What is the Tick Project?
The Tick Project is a five-year study is testing whether neighborhood-based prevention can reduce human exposure to Lyme disease and other tick-borne diseases. The methods we tested are simple and safe for people, pets, and the environment.
Who is conducting the research?
The project is led by Cary Institute disease ecologist Dr. Richard Ostfeld and Bard College biologist Dr. Felicia Keesing, in partnership with the US Centers for Disease Control and Prevention, the New York State Department of Health, and the Dutchess County Department of Behavioral and Community Health.
Where IS the study takING place?
The study is taking place in Dutchess County, New York, which is home to some of the nation’s highest rates of Lyme disease incidence. Residents of twenty-four neighborhoods were recruited. Each neighborhood consists of 6-10 square blocks and roughly 100 properties.
How were the study sites chosen?
The selected study neighborhoods were identified as hotspots for Lyme disease by the research team and their partners at the Dutchess County Department of Behavioral and Community Health.

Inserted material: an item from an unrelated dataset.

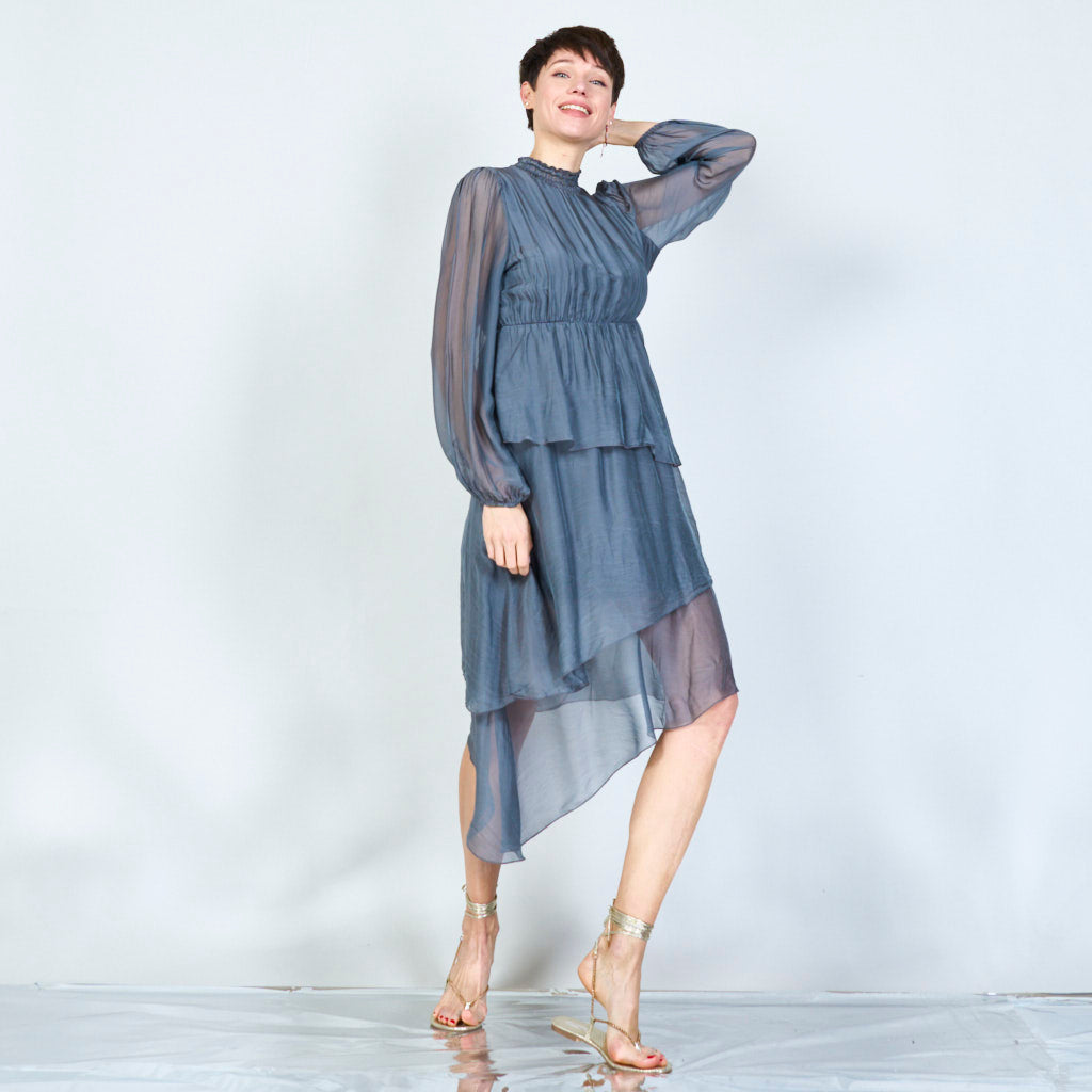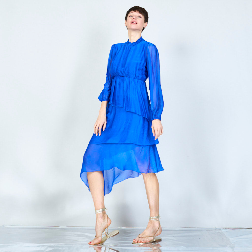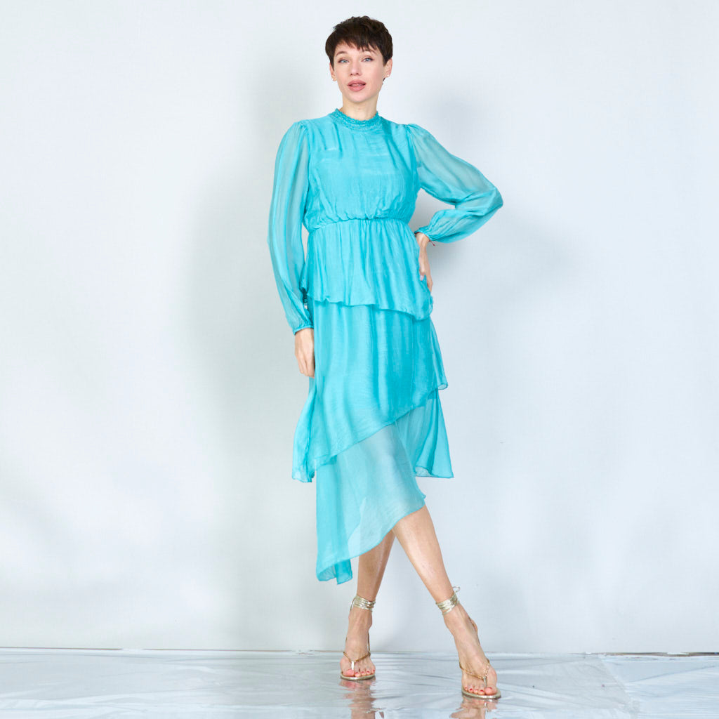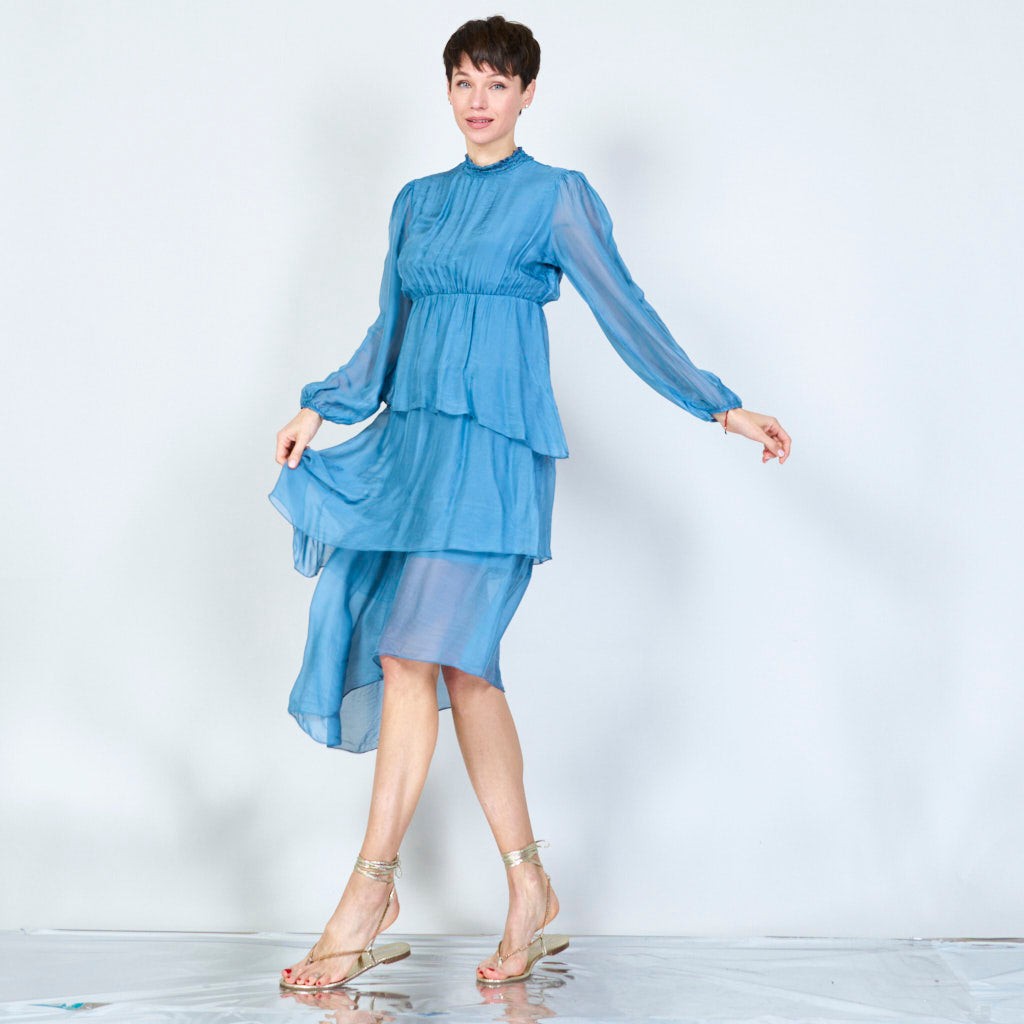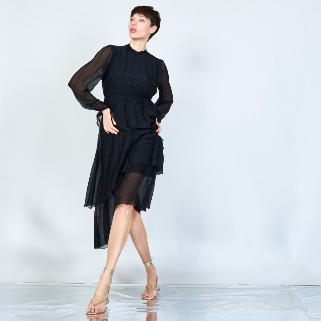 Highneck ar ruffles midi zīda šifona kleitas vairumtirdzniecību

WHERE DOES FUNDING FOR THE TICK PROJECT COME FROM?
A generous gift from the Steven & Alexandra Cohen Foundation provided the core funding for the project. Many individual and institutions have also provided financial support. The total cost of this effort is $8.8 million dollars. The Cary Institute of Ecosystem Studies is leading a campaign to raise the additional funds needed to support this project.
What is the study testing?
The study is designed to determine whether two tick control interventions, used separately or together, can reduce the number of cases of Lyme disease at the neighborhood level. The interventions target feeding and questing ticks, with a focus on reducing the number of ticks safely and economically.
Intervention #1: Metarhizium anisopliae is a tick-killing fungus that occurs naturally in forest soils in eastern North America. A strain of this fungus, Met52®, has been developed as a commercial product. It can be sprayed on low vegetation where it kills host-seeking (“questing”) ticks.
Intervention #2: The “Tick Control System”, or TCS®, is a small, baited box that attracts small mammals. When an animal enters the box, it receives a small dose of fipronil, the active ingredient in many tick treatments used on dogs and cats. Fipronil kills ticks on treated animals such as mice and chipmunks, which are largely responsible for infecting ticks with the Lyme bacterium.
Intervention #1: Metarhizium anisopliae is a tick-killing fungus that occurs naturally in forest soils in eastern North America. A strain of this fungus, Met52®, has been developed as a commercial product. It can be sprayed on low vegetation where it kills host-seeking (“questing”) ticks.
Intervention #2: The “Tick Control System”, or TCS®, is a small, baited box that attracts small mammals. When an animal enters the box, it receives a small dose of fipronil, the active ingredient in many tick treatments used on dogs and cats. Fipronil kills ticks on treated animals such as mice and chipmunks, which are largely responsible for infecting ticks with the Lyme bacterium.
How is the research being done?
The research is being conducted as a randomized, placebo-controlled study – the scientific gold standard. Every property in the study received Tick Control System (TCS)® bait boxes and Met52® spray, but in some neighborhoods, the bait boxes and spray did not contain the active ingredients. Inactive TCS® bait boxes look the same as the active boxes, but they do not contain the chemical that kills ticks. Inactive Met52® spray is just water that does not contain the fungal spores.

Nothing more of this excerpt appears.